|July 10, 2000|
Volume 4, Number 6
SIGNALS provides detailed information on the regulations and activities of the US Federal Maritime Commission (FMC), and related developments in the ocean freight industry. For past issues, please consult our index.
In this issue, we discuss these industry developments:
|OSRA Interim Status Report Released FMC Report Provides Data, No Conclusions.|
The Federal Maritime Commission has issued an interim status report that discusses the first year of operations under the Ocean Shipping Reform Act of 1998 ("OSRA"). The purpose of the report is to explain how the industry has been adapting to the statutory and regulatory changes brought about by OSRA. It generally describes recent trends in liner shipping, with an emphasis on trade volumes in the major US container trades. It highlights OSRA's most prominent provisions, and furnishes information on service contracting, carrier agreements, tariff publishing, and the activities of ocean transportation intermediaries (OTIs). The report draws few conclusions, but does provide statistics that will prove useful in the future. Here are some of the notable statistics:
Agreements: As of May 2000 there were 271 carrier agreements on file at the FMC, including 140 vessel sharing agreements and 22 conference agreements. In May 1999 there were 32 conferences on file.
Ocean Transportation Intermediaries (Freight Forwarders and NVOCCs) : while the OSRA regulations introduced new licensing requirements for OTI-NVOCCs, the total number of NVOCCs on file with the FMC has remained almost unchanged. As May 2000 the FMC records show 1750 Licensed OTI-Ocean Freight Forwarders, 1300 Licensed OTI-NVOCCs (operating in the USA), 600 Unlicensed OTI-NVOCCs (operating outside the USA), and 525 Licensed OTI-NF (both Ocean Freight Forwarder and NVOCC).
OTI Bonding: The increased financial responsibility (bonding) requirements for OTIs has certainly made an impact on the industry. As of May 2000 "total consumer protection" provided by surety bonds on file with the FMC is $378 million, vs. $215 million in May 1999. There are about 75 surety companies underwriting FMC bonds, however, the top five sureties write about 75 percent of all bonds on file.
Service Contracts: In the first year of OSRA there were 46,035 new service contracts and 95,627 service contract amendments filed with the FMC. This is an increase of more than 124% over the previous year. Most of the discussion in the report is based on "snapshot" analysis of 408 contracts filed by 13 large carriers. The FMC found the terms and conditions of most contracts it reviewed varied little from contracts filed prior to the implementation of OSRA. Most of the contracts were between a single shipper and carrier, had a duration of 12 months or less, a volume commitment of 100 TEUS or more, and were limited to a single trade lane. In a separate study, the FMC examined a sampling of 550 service contracts and found the signatories were 75% cargo owners, 20% NVOCCs, 5% Shippers Associations.

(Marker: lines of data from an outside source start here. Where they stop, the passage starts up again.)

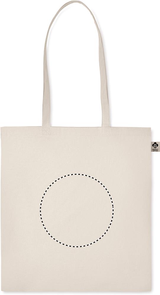 Organic cotton shopping bag with long handles. A classic tote bag design made to carry your daily groceries or other items. Carry the bag in your hands or over your shoulder with the long handles. Made from 100% natural organic cotton 140 gr/m².
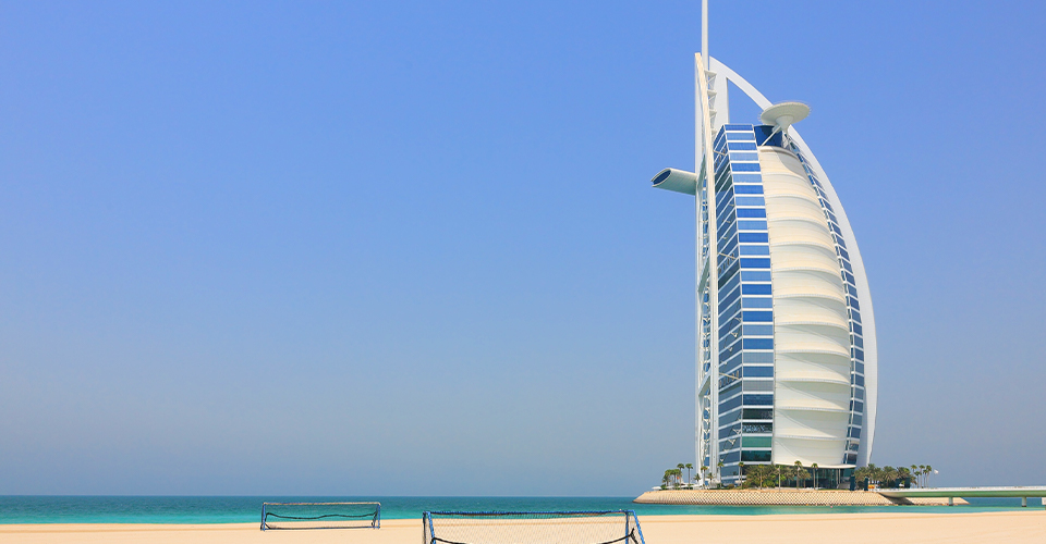 アラブの伝統的な船「ダウ船」の帆をイメージして作られたドバイを象徴するホテルのひとつ。全202室すべてがメゾネットタイプ(2階建ての部屋)になったスイートルームで、純金が散りばめられた豪華な造りになっています。ゲストはまずロビーでアラビア風のコーヒーとデーツ、そして優雅なバラの香りのおしぼりでお出迎え。その後、専用エレベーターで客室へ向かいます。各フロアにはバトラーが待機する専用のデスクがあり高級ホテルの名にふさわしいおもてなしをしてくれます。またホテル上部の「アルムンタハ(頂上・究極という意味)」という名を持つ展望レストランやモザイクタイルを散りばめた豪華なスパなどで優雅なアラブの王族気分を味わってみるのもおすすめです。
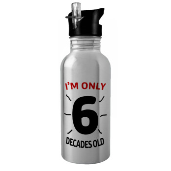 I'm only NUMBER decades OLD, Παγούρι νερού Ασημένιο με καλαμάκι, ανοξείδωτο ατσάλι 600ml
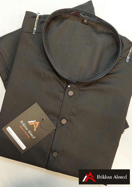 Black Kurta Pajama - Masoori Sequence Work- Raw Silk Fabric
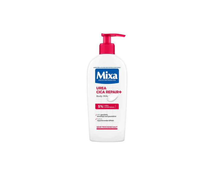 Mixa Urea Cica Repair+ Body Milk nourishes and repairs very dry, flaky skin with 5% urea and panthenol, providing 48 hour protection and soothing relief. This fast absorbing body lotion strengthens, hydrates, and smooths skin without leaving a greasy residue, leaving it soft and comfortable. Apply after cleansing to dry skin and massage in gently for instant repair and long lasting care.
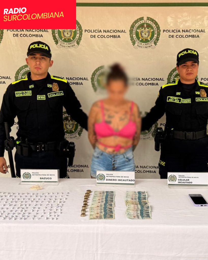 En medio de un operativo adelantado por unidades de la Policía Nacional de Colombia, fue capturada en flagrancia una mujer conocida con el alias de “Mona”, señalada de presuntamente dedicarse a la comercialización de estupefacientes en la ciudad de Neiva.
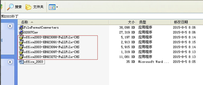 3、安装完兼容包后,看能不能打开office2007的文档,如果不能。也不要慌,我们继续安装office2003的补丁包 需要安装5个补丁 office2003-KB923097-FullFile-CHS office2003-KB923272-FullFile-CHS office2003-KB923088-FullFile-CHS office2003-KB923091-FullFile-CHS office2003-KB923094-FullFile-CHS
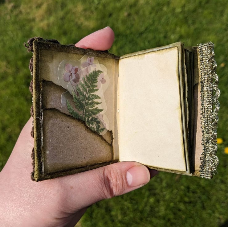 The pages inside which are an assortment of tea dyed unlined, lined and tracing papers can be written on and embellished.
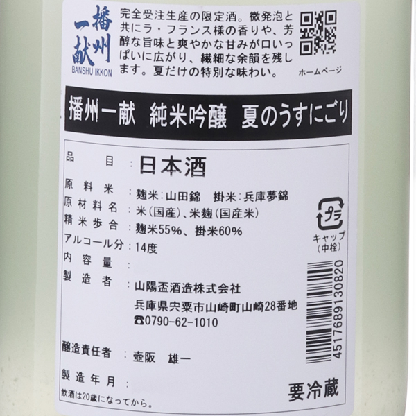 播州一献 純米吟醸 夏のうすにごり 生 *クール便のみ

Tariffs: The OSRA report does not include statistical information on tariffs published in compliance with FMC regulations. FMC audits of tariff systems are on going. The Commission recently began a rule making proceeding (Docket No. 00-07) to obtain public comments to address the reasonableness of tariff access charges.

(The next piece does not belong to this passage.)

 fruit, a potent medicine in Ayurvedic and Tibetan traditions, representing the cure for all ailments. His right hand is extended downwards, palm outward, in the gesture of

In announcing the report Commission Chairman Harold J. Creel, Jr., said: " While our status report recognizes that it is too early to draw definitive, long-term conclusions, it does provide preliminary views on the short-term effects OSRA has had on U.S. ocean shipping." The FMC is preparing a more comprehensive report, which will cover two years' experience under OSRA. That report will be issued in the summer of 2001. The 42 page OSRA Interim Status Report can be viewed by visiting the Commission's Internet website at www.fmc.gov.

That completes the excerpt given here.